◆ Information provided

* * * * *

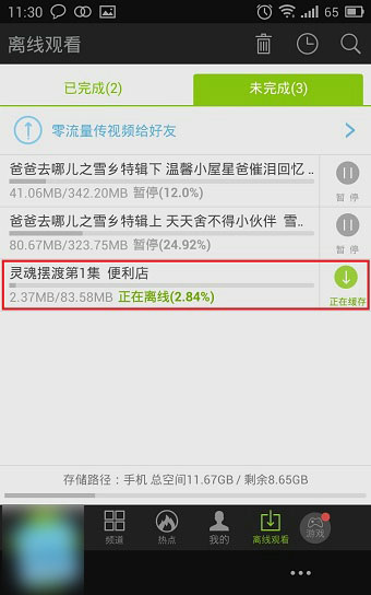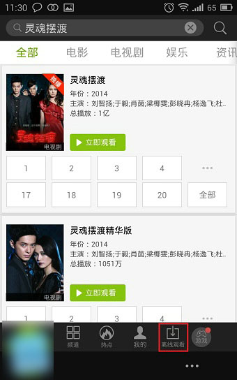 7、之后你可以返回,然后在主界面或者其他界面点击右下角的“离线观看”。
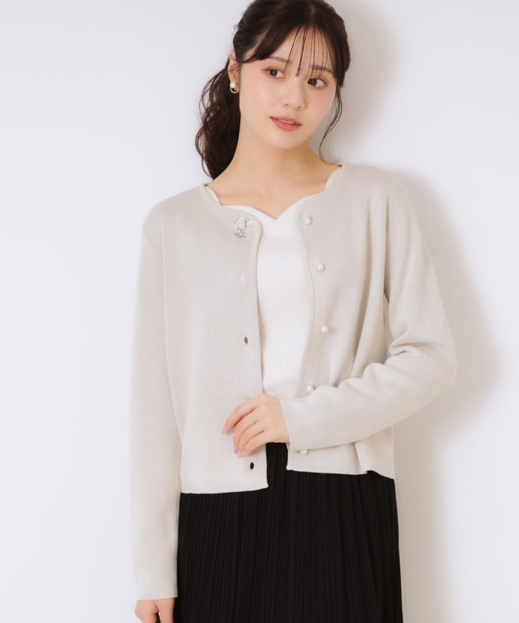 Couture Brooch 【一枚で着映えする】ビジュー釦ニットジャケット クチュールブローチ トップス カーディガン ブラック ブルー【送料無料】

* * * * *

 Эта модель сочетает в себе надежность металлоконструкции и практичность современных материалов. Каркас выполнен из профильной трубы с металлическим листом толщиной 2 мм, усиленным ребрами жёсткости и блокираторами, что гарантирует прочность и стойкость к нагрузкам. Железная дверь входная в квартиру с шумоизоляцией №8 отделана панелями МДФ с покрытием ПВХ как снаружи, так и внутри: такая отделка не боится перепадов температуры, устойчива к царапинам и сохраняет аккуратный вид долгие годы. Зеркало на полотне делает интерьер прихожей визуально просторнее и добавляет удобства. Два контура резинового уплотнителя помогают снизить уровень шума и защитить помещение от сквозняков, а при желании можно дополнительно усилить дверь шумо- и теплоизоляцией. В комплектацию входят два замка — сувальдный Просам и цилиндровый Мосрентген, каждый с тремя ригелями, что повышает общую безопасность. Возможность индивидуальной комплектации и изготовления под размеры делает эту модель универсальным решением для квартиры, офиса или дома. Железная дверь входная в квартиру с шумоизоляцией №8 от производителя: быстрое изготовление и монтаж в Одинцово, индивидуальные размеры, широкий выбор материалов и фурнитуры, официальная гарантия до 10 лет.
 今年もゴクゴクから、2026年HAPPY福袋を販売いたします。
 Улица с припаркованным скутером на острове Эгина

* * * * *

◆ Task instructions
The stretch of entries above that starts with the line containing "今年もゴクゴクから、2026年HAPPY福袋を販売いたします。" and goes on through the line containing "Улица с припаркованным" is to be transcribed exactly, and no other line is to be transcribed.

◆ Exercise result
 今年もゴクゴクから、2026年HAPPY福袋を販売いたします。
 Улица с припаркованным скутером на острове Эгина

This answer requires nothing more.